You take 3 cards at once. In how many ways can you not take cards of type 1 and type 2?
Solution:
There is no difference between cards of the same type. The possible cards that you can take are:
type 3 - type 3 - type 3
type 4 - type 4 - type 4
type 5 - type 5 - type 5
type 3 - type 3 - type 4
type 3 - type 3 - type 5
type 4 - type 4 - type 3
type 4 - type 4 - type 5
type 5 - type 5 - type 3
type 5 - type 5 - type 4
type 3 - type 4 - type 5
I think there are 10 possibilities. However, my book provides ncr (15,3) as a solution. What is correct?
The book is correct.
To see where you went wrong, consider the following outcomes . . .
The number of ways to get three $3$'s is ${\large{\binom{5}{3}}}=10$.

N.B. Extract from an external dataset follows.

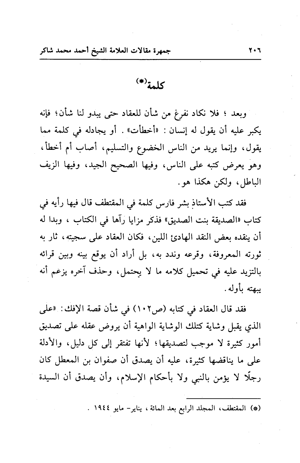 فقد كتب الأستاذ بشر فارس كلمة في المقتطف قال فيها رأيه في كتاب "الصديقة بنت الصديق" فذكر مزايا رآها في الكتاب، وبدا له أن ينقده بعض النقد الهادئ اللين، فكان العقاد على سجيته، ثار به ثورته المعروفة، وقرعه وندد به، بل أراد أن يوقع بينه وبين قرائه بالتزيد عليه في تحميل كلامه ما لا يحتمل، وحذف آخره يزعم أنه يبهته بأوله.

The number of ways to get two $3$'s and one $4$ is ${\large{\binom{5}{2}}}{\large{\binom{5}{1}}}=50$.
The number of ways to get one $3$, one $4$, and one $5$ is ${\large{\binom{5}{1}}}^3=125$.
So these three outcomes are not equally numerous as $3$-card hands, but in your analysis, you gave them the same weight.
The key is that the $25$ cards cards are physically distinct, so two distinct cards of the same rank should not be regarded as the same card.
Thus, since there are $15$ cards with ranks $3$, $4$, or $5$, the number of $3$-card hands from those $15$ cards is ${\large{\binom{15}{3}}}$.